Mia didn’t need Wallace to tell her that she’d ended up a wannabe artist living with her parents, and not a celebrated artist living in New York and dining in swank restaurants and entertaining Important People. Nope, she would be doing her painting in a repurposed yard shed. And Wallace couldn’t seem to stop mentioning it.

Oh yeah, this had all the markings of a
great
summer.

Six

The slam of a car door startled Brennan awake. He opened one eye. Maybe two. His vision was so blurry he couldn’t be sure. As he was still slightly drunk, he had to think where he was. He winced at the dull throb behind his eyes and blinked until he could focus on the plaster medallion on the ceiling of his room.

Right. Mom’s new house.

Another car door slammed.

Shit.
Brennan desperately wanted to get out of bed and close the damn window—he’d opened it at three this morning, hoping the cool
night air would keep him awake, keep him going. He’d been writing lyrics, and for the first time in months, they’d gushed from him with
uncharacteristic ease and a flow he’d not felt in years. Were they any good? He was afraid to look. That was the thing about drunken creativity—what seemed brilliant in the moment turned out to be crap by the light of day.

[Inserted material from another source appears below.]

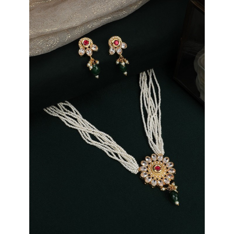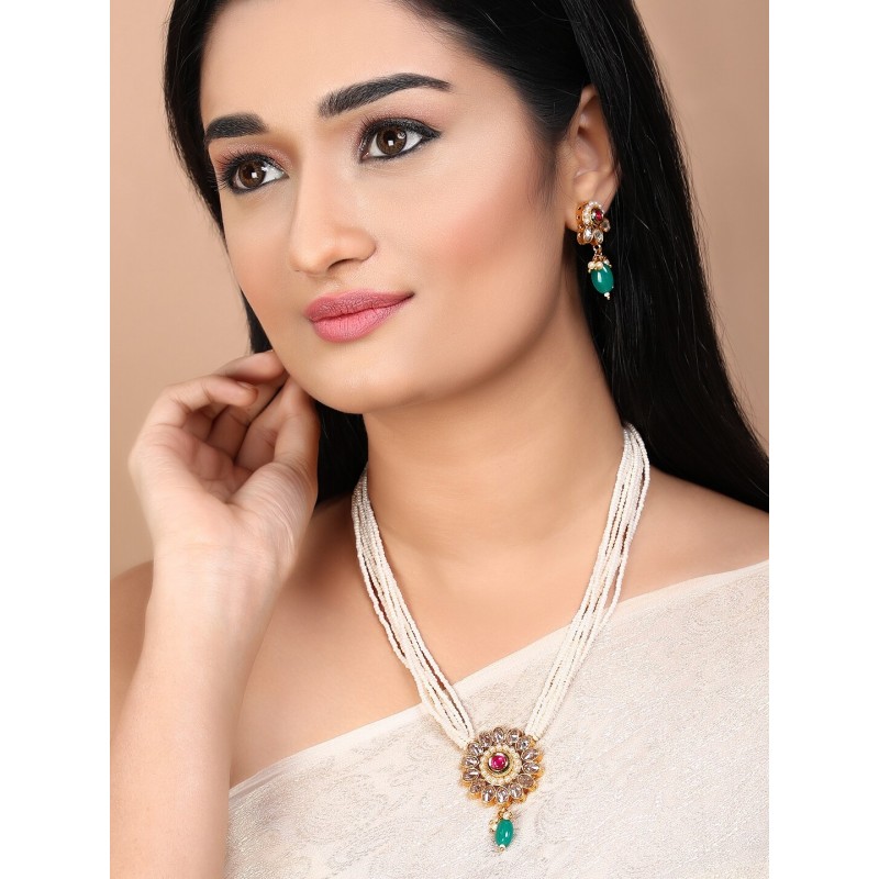 Металл - под золото. Камни белые, ярко розовые. Зеленые бусины. Искусственный жемчуг.

He would look, he would . . . but at the moment, Brennan couldn’t dredge up the will necessary to actually get out of bed.

“I’m just saying, you can’t live with your parents forever. You’re going to have to work enough hours to pay rent. Hello, it’s called adulthood,” a man’s voice said, drifting up to him from somewhere down on the drive.

“Why, thank you, Wallace. I didn’t know what it was called until you came along to enlighten me.”

Brennan knew that voice—it was the groupie girl. No, no, not a groupie. The decorator. What was her name again? Mary?

“You’re going to have to move along now, Mr. Pogue.”

He knew
that
male voice. That was the dude his mother had hired for security. Some great security—people were in and out of here all day long.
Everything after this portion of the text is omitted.